─── The data ───
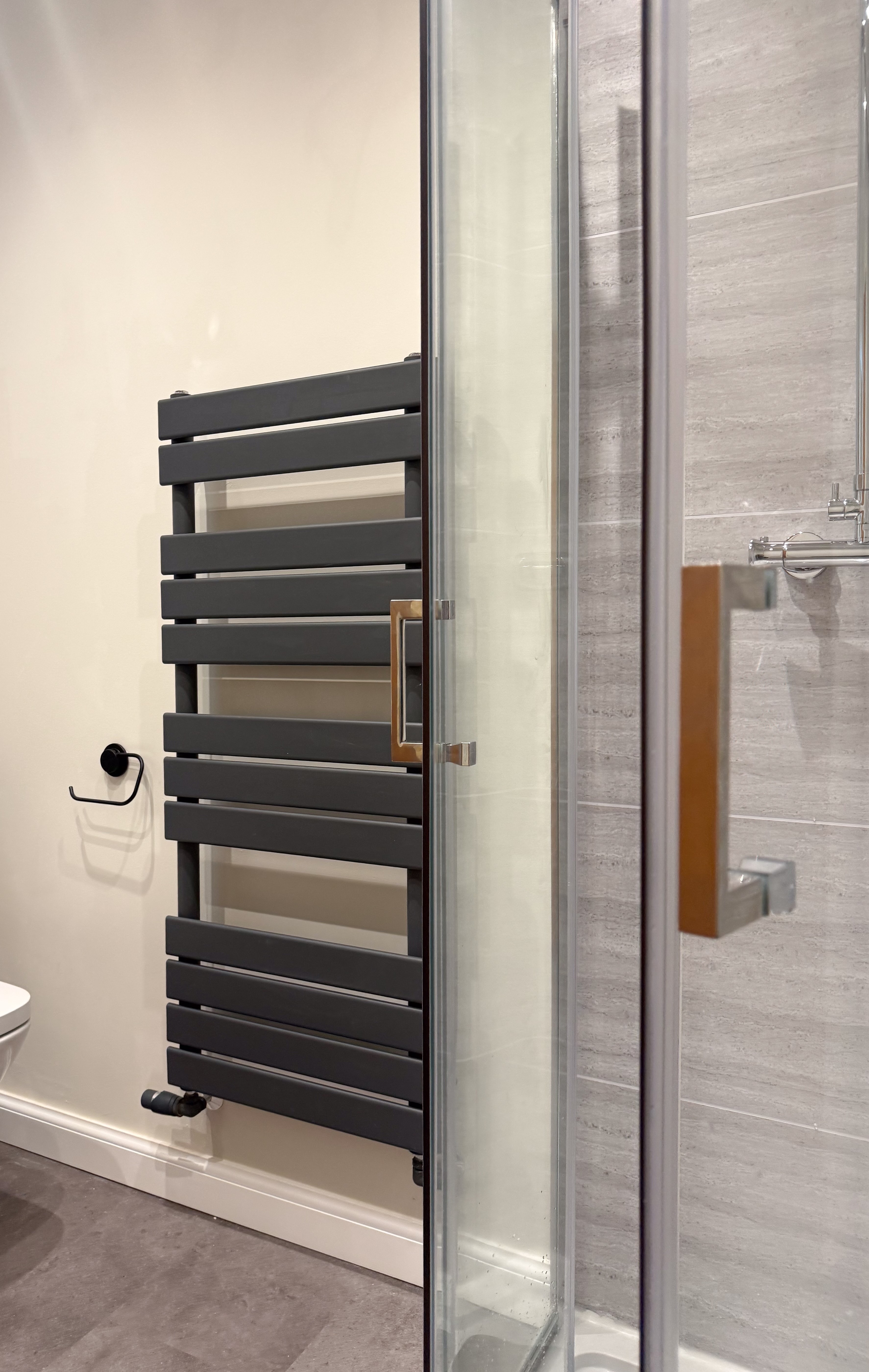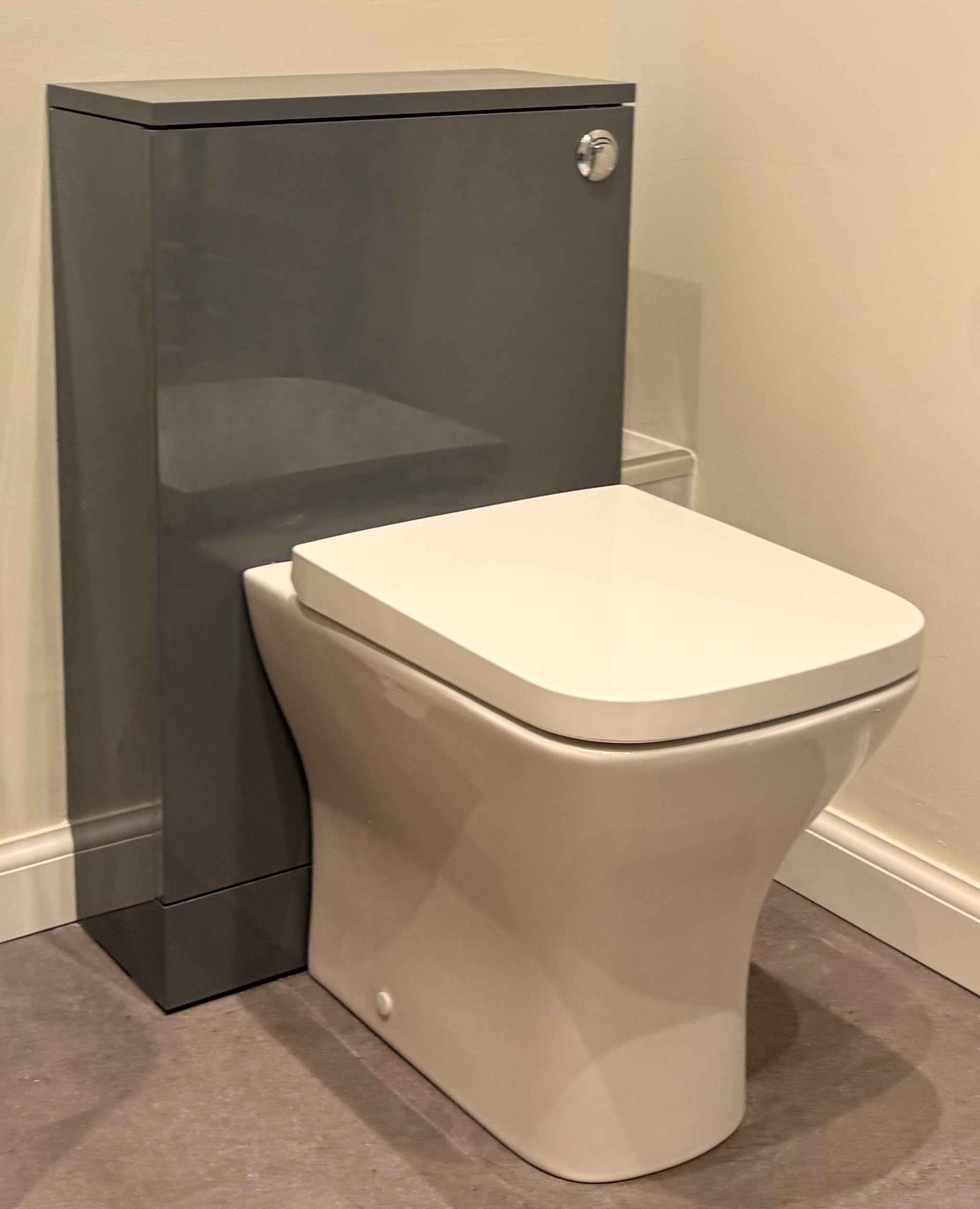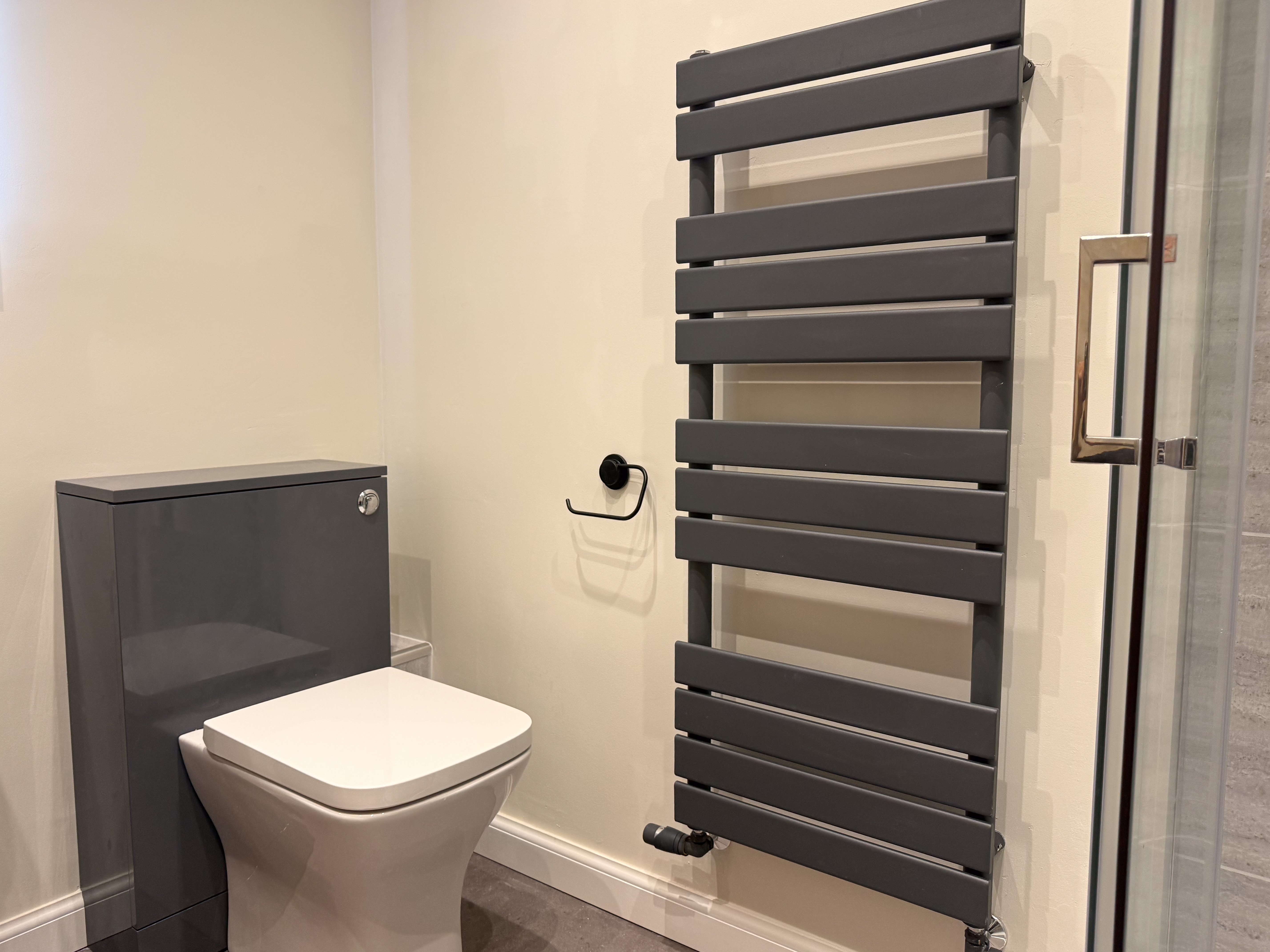 In this project the customer wanted to replace their old bathtub with a shower, gain extra storage, and keep the whole space easy to maintain. Before After Because of the size of the doorway, we were limited to a 700mm enclosure. We fitted a frameless screen with an anthracite tray to keep the look modern and uncluttered. To increase storage, we moved the toilet onto the shower wall and added L-shaped units, which make the best use of space while providing plenty of cupboard room. Other features include: A large towel radiator with concealed pipework from the wall – perfect…
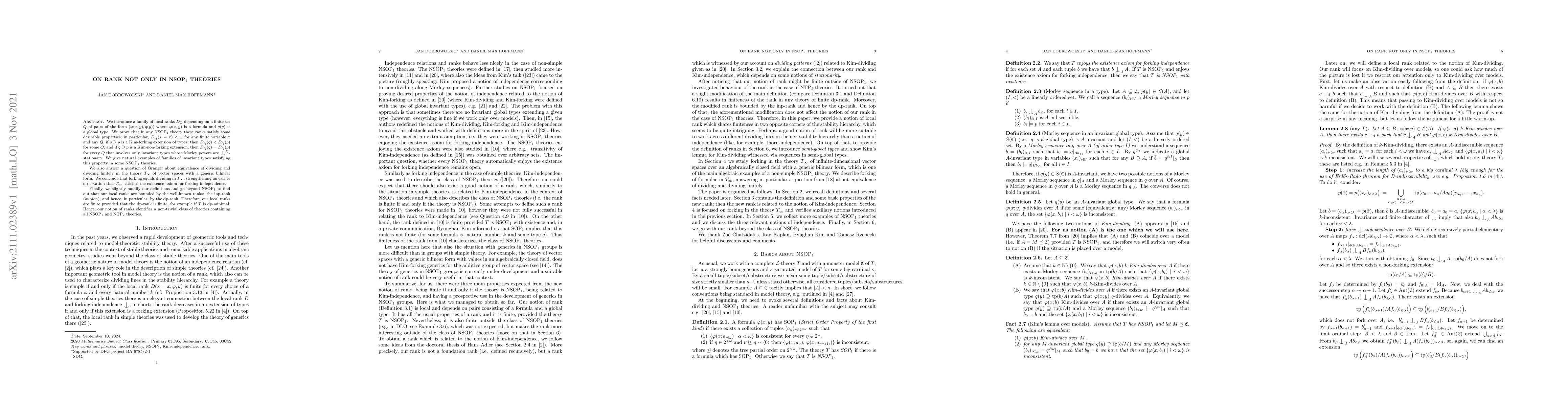 This paper introduces a family of local ranks DQ in NSOP1 theories, proving they satisfy desirable properties such as boundedness and monotonicity under forking extensions. It also answers a question about equivalence in the theory of vector spaces with a generic bilinear form, showing forking equals dividing, and extends the notion of ranks beyond NSOP1 to include dp-minimal theories.
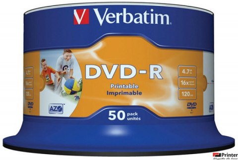 Płyta DVD-R VERBATIM CAKE (50) Printable nadruk Wide 4.7GB x16 43533
───
What you have to do:
Write out the material above once more, word for word. Images stay out.

Answer for this exercise:
 In this project the customer wanted to replace their old bathtub with a shower, gain extra storage, and keep the whole space easy to maintain. Before After Because of the size of the doorway, we were limited to a 700mm enclosure. We fitted a frameless screen with an anthracite tray to keep the look modern and uncluttered. To increase storage, we moved the toilet onto the shower wall and added L-shaped units, which make the best use of space while providing plenty of cupboard room. Other features include: A large towel radiator with concealed pipework from the wall – perfect…
 This paper introduces a family of local ranks DQ in NSOP1 theories, proving they satisfy desirable properties such as boundedness and monotonicity under forking extensions. It also answers a question about equivalence in the theory of vector spaces with a generic bilinear form, showing forking equals dividing, and extends the notion of ranks beyond NSOP1 to include dp-minimal theories.
 Płyta DVD-R VERBATIM CAKE (50) Printable nadruk Wide 4.7GB x16 43533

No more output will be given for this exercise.